There was a finite-dimensional representation ${V}$ of ${L}$. For ${\lambda \in I^*}$, we set

$\displaystyle V_\lambda := \{ v \in V: Yv = \lambda(Y) v, \ \mathrm{all} \ Y \in I \}.$

We assumed ${V_\lambda \neq 0}$ for some ${\lambda}$ by the induction hypothesis. Then the following then completes the proof of Lie’s theorem, by the “fundamental calculation:”

Lemma 1 If ${V_\lambda \neq 0}$, then ${\lambda([L,I])=0}$.

Proof: Let ${X \in L}$ have an image in ${L/I}$ that generates ${L/I}$. We have to show ${\lambda([X,Y])=0}$ for any ${Y \in I}$.

So, fix ${v \in v_\lambda}$. Consider the subspaces

$\displaystyle W_i := \{ \mathrm{ \ span \ of \ } v, Xv, \dots, X^i v \} \subset V.$

Eventually, the ${W_i}$ have to stabliize, say at ${W := W_M}$. Computing the action of elements of ${I}$ on ${W}$ and taking the trace will give the lemma.

I claim, first of all, that any ${Y \in L}$ stabilizes ${W_i}$. This follows by induction. When ${i=0}$, it’s the meaning of being an eigenvector. If it’s true for ${i-1}$, then by the inductive hypothesis and ${[Y,X] \in I}$:

$\displaystyle Y(X^iv) = XYX^{i-1}v + [Y,X] X^{i-1}v \in X(W_{i-1}) + W_{i-1} \subset W_i.\ \ \ \ \ (1)$

Thus, via the flag ${W_0 \subset W_1 \subset \dots \subset W_M}$, we can represent the action of ${I}$ as upper-triangular matrices. But we now want to know what the diagonal elements are.
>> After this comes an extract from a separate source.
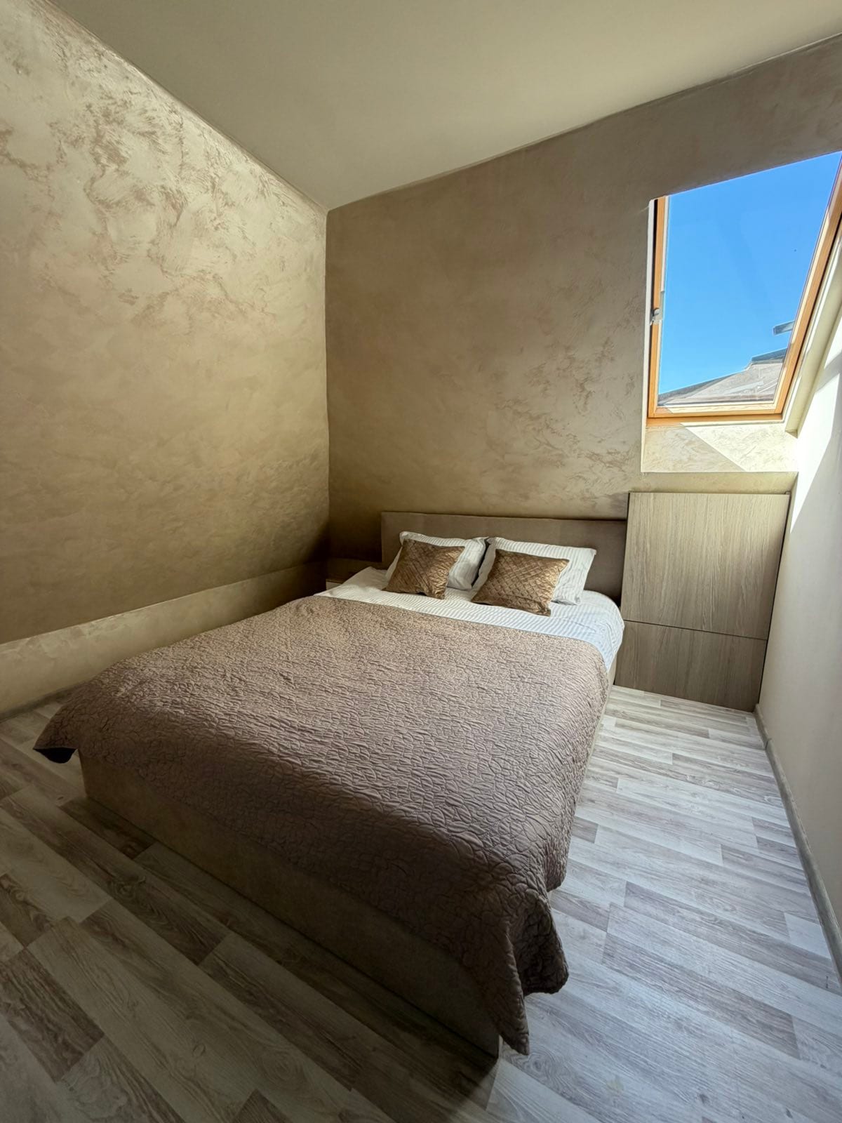 Stay in a brand-new, modern apartment on a quiet aristocratic street in the heart of central Haskovo, just 2 minutes from the theatre. A short stroll brings you to the iconic Bogoroditsa Monument and Haskovo's most scenic park with stunning views. Stylish, spacious, and fully equipped for short or long stays, the apartment offers gas heating, AC, constant hot water, and super-fast internet. Your perfect retreat for comfort and convenience awaits!

I claim next these are just all the diagonal elements are just ${\lambda(Y)}$. More precisely, we have

$\displaystyle Y X^i v \equiv \lambda(Y) X^i v \quad mod \ W_{i-1}.$

This is checked by induction on ${i}$, as before; it’s true for ${i=0}$, and we use the same type of argument as in (1) to induct on ${i}$. So, we now know how elements of ${I}$ act on the filtration. In particular,

$\displaystyle Tr(Y_W) = (M+1) \lambda(Y).$

(Here ${Y_W}$ denotes the operator from the action of ${Y}$ on ${W}$.) If we replace ${Y}$ with ${[Y,X]}$, we get ${\lambda([Y,X]_W) = \frac{1}{M+1} Tr( [Y,X]) = 0}$ since the trace of a commutator is always zero.

Note that in the last step only, we used the hypothesis of characteristic zero. $\Box$

The proof of Lie’s theorem now is basically complete. Since the element ${X}$ generating ${L/I}$ stabilizes ${V_\lambda}$, we can find an eigenvector for ${X}$ since the field is algebraically closed, and this is what we wanted.

So we now have, incidentally, a classification of simple representations of a solvable Lie algebra- they’re just one-dimensional.  The case for semisimple Lie algebras is much more complicated and interesting.  That is the ultimate aim of this series of posts.